Note that the model should not have any activation after the fully-connected layer: the PyTorch loss module that will be adopted takes logits as input and not class probabilities.

In contrast to the network exemplified above with k=3, when k=6 it should have two conv layers per stage instead of one (each one with a tanh activation following it).

Lastly, do not change the code block with a for loop in the end of init: its purpose to randomly initialize the parameters of the conv layers by sampling from a Gaussian with zero mean and 0.05 deviation.

In [None]:
class CNNtanh(nn.Module):
    def __init__(self, k):
        super(CNNtanh, self).__init__()

        layers_per_stage = k // 3
        self.stages = nn.ModuleList()

        out_channels = [4, 8, 16]
        in_channels = 1
        for i in range(3):
            stage = nn.ModuleList()
            for _ in range(layers_per_stage):
                stage.append(nn.Conv2d(in_channels, out_channels[i], kernel_size=3, stride=1, padding=1))
                stage.append(nn.Tanh())
                in_channels = out_channels[i]
            stage.append(nn.AvgPool2d(kernel_size=2, stride=2))
            self.stages.append(stage)

        self.fully_connected = nn.Linear(out_channels[-1] * 3 * 3, 10)

        for m in self.modules():
            if isinstance(m, nn.Conv2d):
                m.weight.data.normal_(0, 0.05)
                m.bias.data.zero_()

    def forward(self, input):

        # write code here to define how the output u is computed
        # from the input and the model's layers
        # for example, u = self.conv(input) defines u
        # to be simply the output of self.conv given 'input'

        L = input
        for stage in self.stages:
            for layer in stage:
                L = layer(L)

        L = L.view(L.size(0), -1)
        return self.fully_connected(L)


The line below just instantiates the PyTorch Cross Entropy loss, whose inputs should be logits: hence the reason that the CNN should not have an activation after last (feedforward) layer.

In [None]:
criterion = torch.nn.CrossEntropyLoss()

Now, you should train CNNtanh with different values for k: your goal is to find the largest value for k such that the network achieves less than 20% error (either train or test) in 3 epochs.

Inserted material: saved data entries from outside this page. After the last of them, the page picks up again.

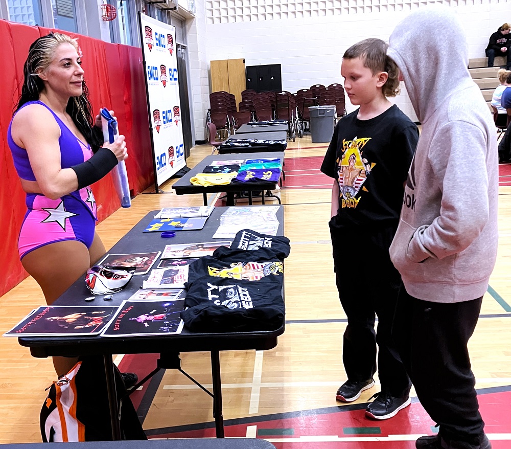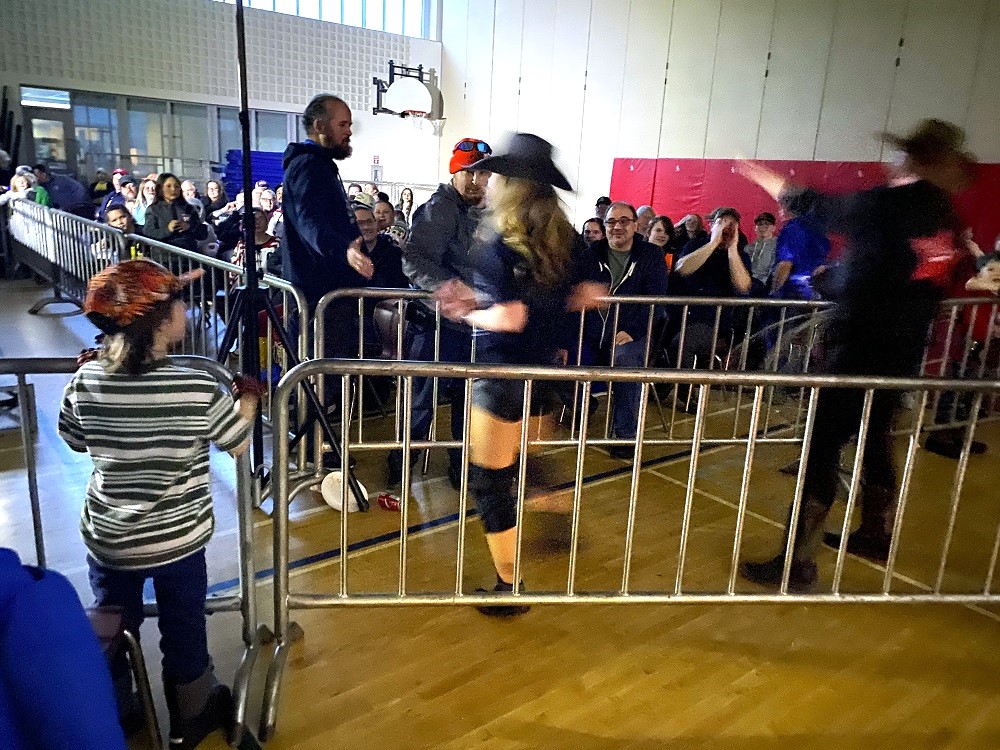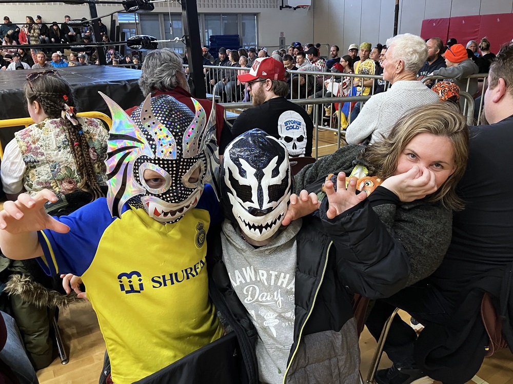 Had the house lights not been off as to prevent excited audience members — kids, moms, dads, teens and SMCL family members — to more clearly see through the façade shrouding each grapple and grasp within the ropes, the theatrics would have been more entertaining.
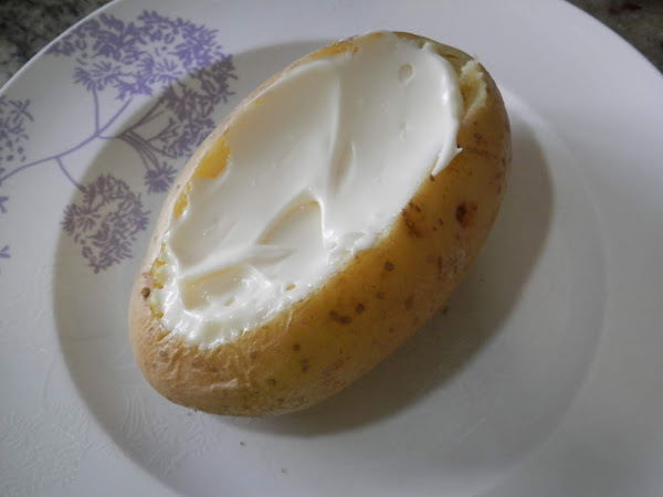 Cuando estén, corta la parte superior y vacía la patata con la ayuda de una cuchara.
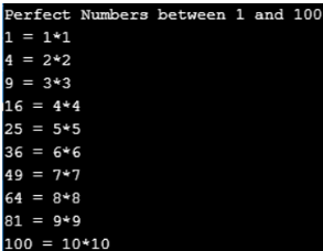 In this program, we find the number of square numbers within a specific range. We enter the range of numbers, and the code would produce the square number in that specific range. In the below program, we find the number of square integers between 0 and 100.
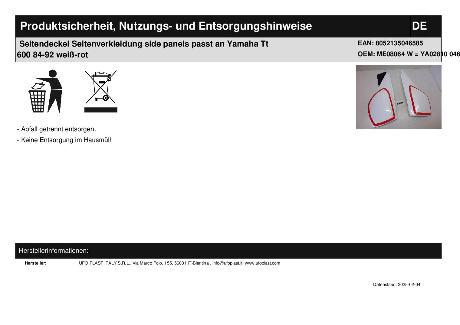 In dieser Auktion gibt es folgenden Artikel zu kaufen: Seitenverkleidung defekt (siehe Foto) Bild 1 und 2 dienen nur als Muster - Es wird Artikel auf Bild 2 - 4 verkauft - Schaden auf Bild 4 sichtbar! Fahrzeug: passend für Yamaha TT 600 Bj.: 1984 - 1992 (4-Takt) Lieferumfang: siehe Foto Artikelzustand: neu, allerdings ist ein Haltestift/Fixierstift verbogen; daher muss dieser ersetzt werden; Verkleidung wird aus diesem Grund als defekt verkauft! Bei Unklarheiten oder Fragen bitte erst E-Mail schreiben.
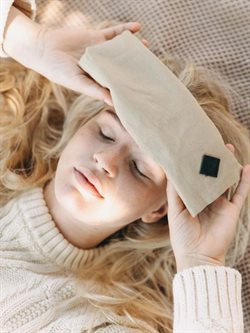 YOGA øjenpude i beige fra Simple days. Betræk: 100% bomuld, som kan vaskes. Fyld: hørfrø. Mål:10x25 cm.
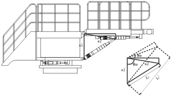 As shown in Figure 4, the length of the pitch rod is indicated by a solid line when the gangway is not compensated for the ship motion, and the length of the pitch rod is indicated by a dotted line when the ship motion is compensated. The initial included angle between the gangway pitch rod and the vertical line of the pitch axis is θ20. a1 is the vertical distance from the pitch axis center to the static hinge point of the pitch rod, and a2 is the distance from the pitch axis coordinate point to the dynamic hinge point of the pitch driver. According to geometric relationship, θ20 can be expressed as:
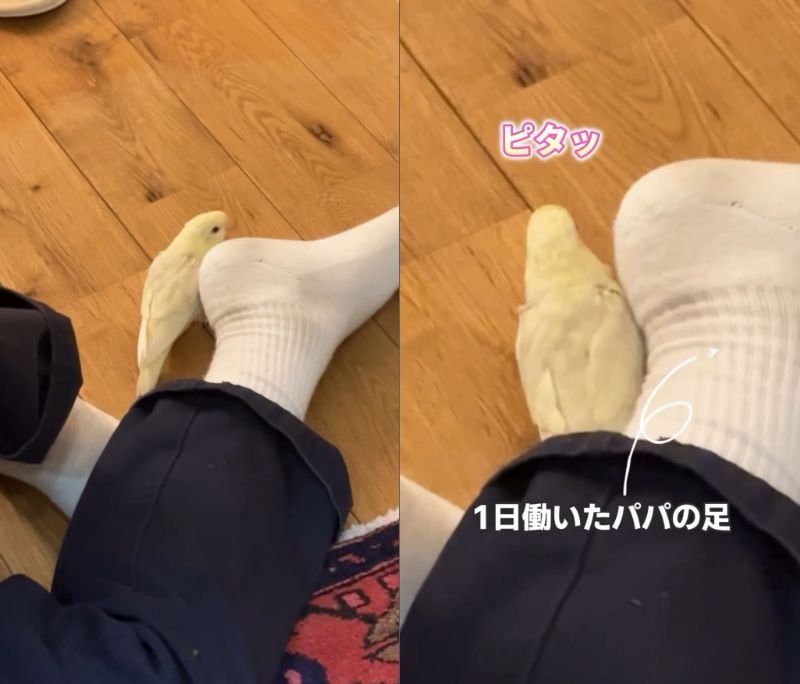 「1日働いたパパの足はインコにとって居心地がいいらしい...」
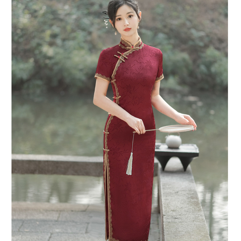 Gaun pernikahan Cheongsam merah happy mother-in-law 2024 baru musim panas pernikahan ibu gaun retro bordir asetat
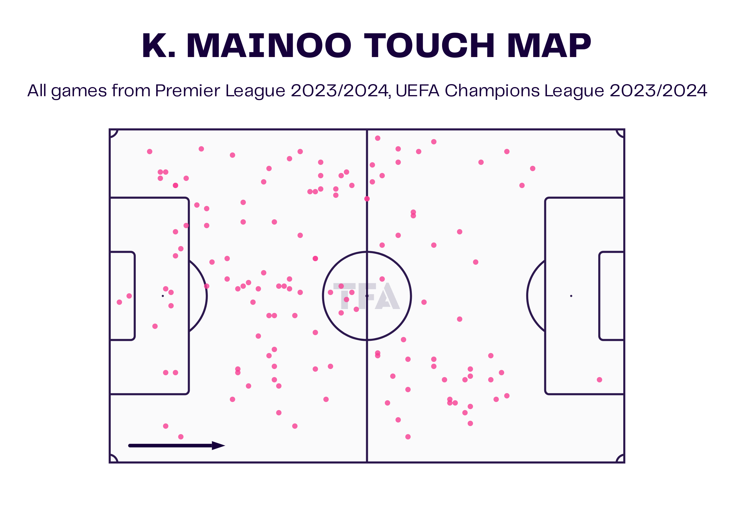Kobbie Mainoo plays as a defensive midfielder and acts as a protective shield in front of the last line of defence. His touch map in the current season shows that the player is not just sitting in front of the defence, but he is more of a runner and likes to cover a lot of areas on the field. In his first match of the season against Everton, Mainoo was making challenges everywhere and winning the ball for his team.
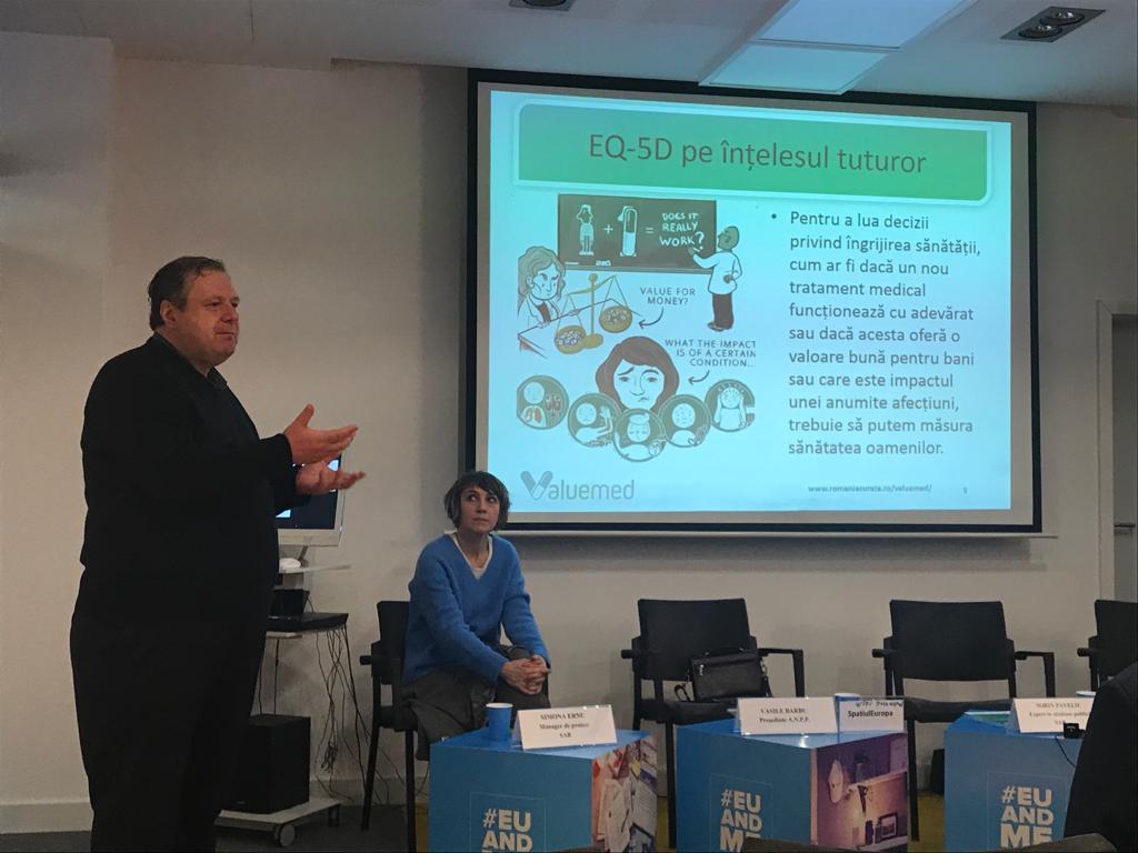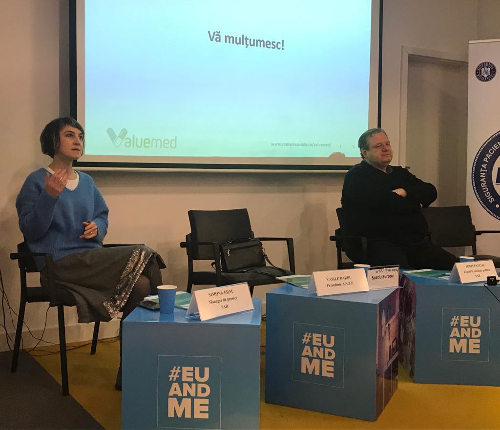 Conferința VALUEMED s-a desfășurat la Spațiul Public European, din București, prin amabilitatea Reprezentanței Comisiei Europene în Romania și a Biroului de Informare al Parlamentului European în România, în prezența reprezentanților instituțiilor publice și private care activează în domeniul sănătății publice.
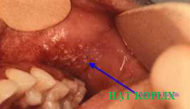 - Xuất hiện các nốt nhỏ ở giữa có màu xanh trắng bên trong miệng (vùng gò má). Ngoài ra trên thân người phát những đốm đỏ lớn, phẳng, nối với nhau.
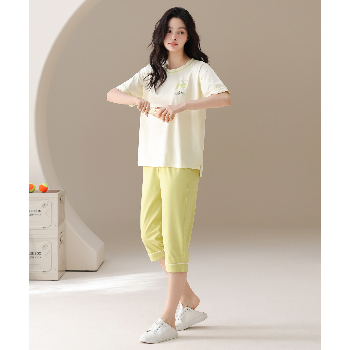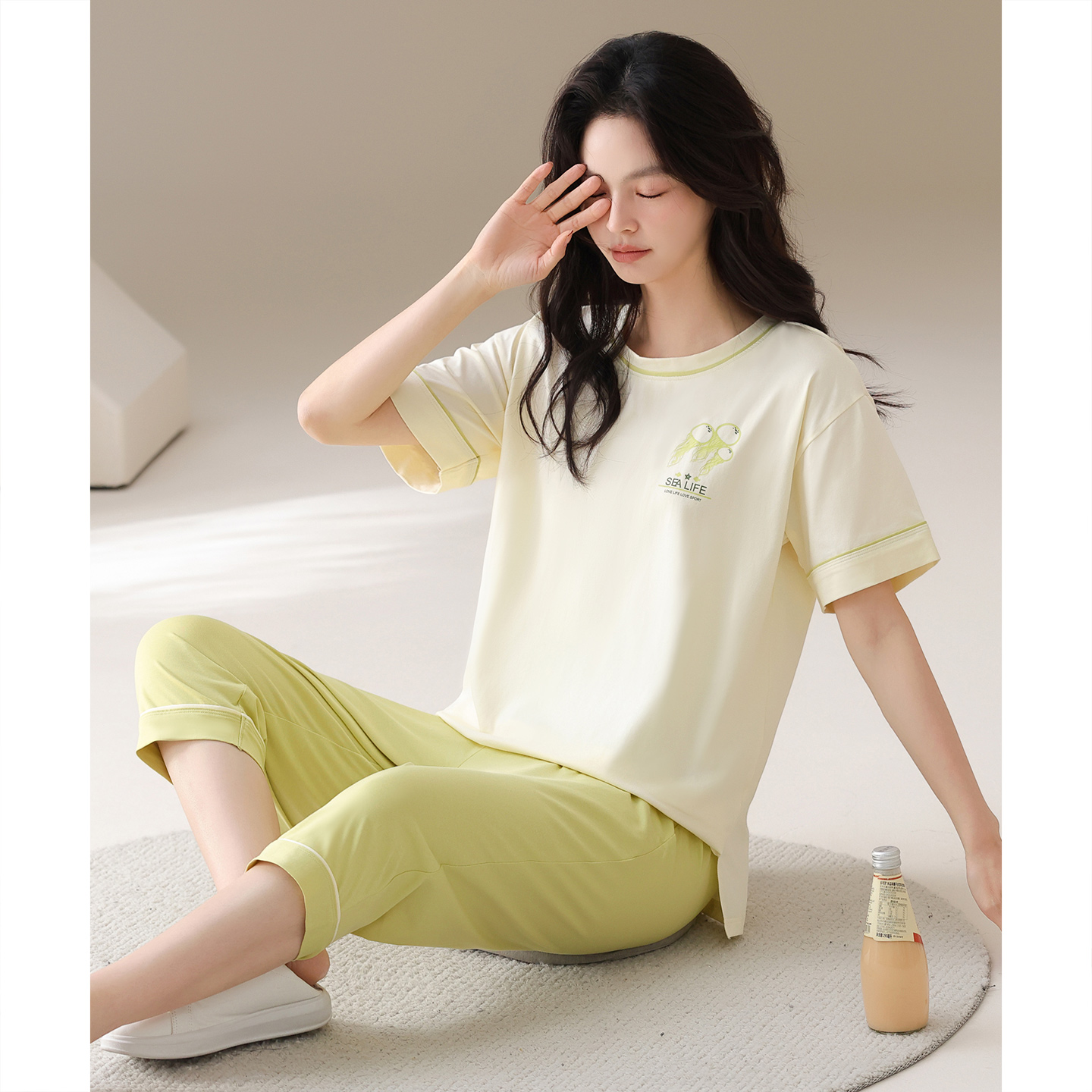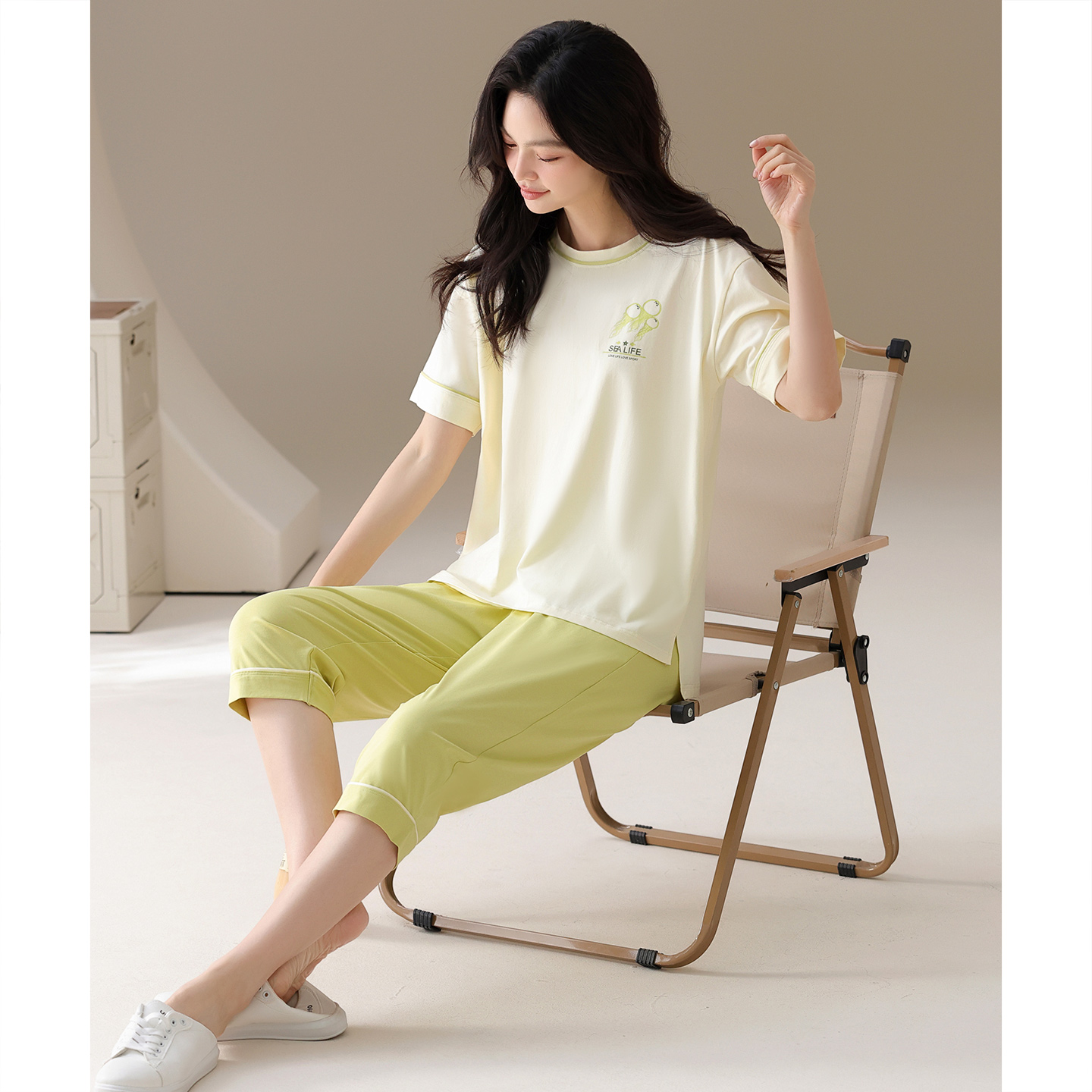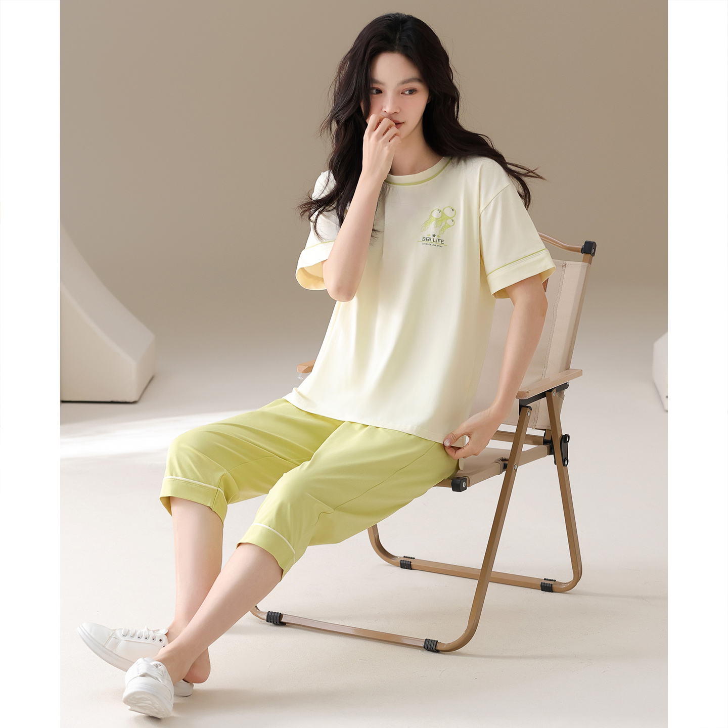七分裤 短袖 大码 夏天女款 芬腾睡衣女士夏季 甜美家居服套装 纯棉薄款

You should also choose an appropriate learning rate (but do not change the optimizer or the momentum settings!).

Note that CNNs can easily achieve under 2% test error on MNIST, but we're choosing 20% as a threshold since you will be training each network for only 3 epochs.

Remember to use values for k that are divisible by 3. When submitted, your notebook should have the training log of a network with two consecutive values for k (for example, 6 and 9) such that the network is 'trainable' with the smaller one but not 'trainable' with the larger one. It is fine for the training log to include runs with more than two values of k.

In [None]:
# Binary search between lower=3 and upper=upper to find the lowest upper
# bound for the training rate

def search(lr, upper, model_factory):
    max_err = 0.2
    l, r = 1, (upper // 3)
    cache = set()
    print("Searching for lowest upper bound of trainability")
    while l <= r:
        mid = (l + r) // 2
        layers = 3 * mid
        model = model_factory(layers).cuda()
        optimizer = torch.optim.SGD(model.parameters(), lr=lr, momentum=0.9)
        print("Training CNN with {} layers".format(layers))
        _, test_err = train(3, model, criterion, optimizer, train_loader, test_loader)
        cache.add(3 * mid)
        if test_err >= max_err:
            print("  Error too high, looking lower")
            r = mid - 1
        else:
            print("  Error under threshold, looking higher")
            l = mid + 1
    # Trains the two consecutive k's if they haven't been trained yet
    print(f"With lr={lr}, values of k are {3*r}, {3*r+3}")
    for l in [3*r, 3*r + 3]:
        if l not in cache:
            model = model_factory(layers).cuda()
            optimizer = torch.optim.SGD(model.parameters(), lr=lr, momentum=0.9)
            print("Training CNN with {} layers".format(layers))
            _, test_err = train(3, model, criterion, optimizer, train_loader, test_loader)
    return 3*r

In [None]:
search(lr=0.01, upper=24, model_factory=CNNtanh);

Searching for lowest upper bound of trainability
Training CNN with 12 layers
Epoch 000/003, Train Error 89.04% || Test Error 88.65%
Epoch 001/003, Train Error 88.76% || Test Error 88.65%
Epoch 002/003, Train Error 88.76% || Test Error 88.65%
  Error too high, looking lower
Training CNN with 6 layers
Epoch 000/003, Train Error 88.91% || Test Error 88.65%
Epoch 001/003, Train Error 88.76% || Test Error 88.65%
Epoch 002/003, Train Error 47.04% || Test Error 21.92%
  Error too high, looking lower
Training CNN with 3 layers
Epoch 000/003, Train Error 70.22% || Test Error 32.00%
Epoch 001/003, Train Error 22.74% || Test Error 16.76%
Epoch 002/003, Train Error 15.67% || Test Error 13.24%
  Error under threshold, looking higher
With lr=0.01, values of k are 3, 6


### Better Initialization

Next, we will change the initialization of the conv layers and see how it affects the trainability of deep networks. Instead of sampling from a Gaussian with a deviation of 0.05, you should sample from a Gaussian with a deviation $\sigma = \sqrt{\frac{1}{k^2 \cdot C_{out}}}$ or $\sigma = \sqrt{\frac{1}{k^2 \cdot C_{in}}}$, where $k$ is the kernel size ($k=3$ for 3x3 convolutions), $C_{in}$ is the number of input channels, and $C_{out}$ the number of output channels.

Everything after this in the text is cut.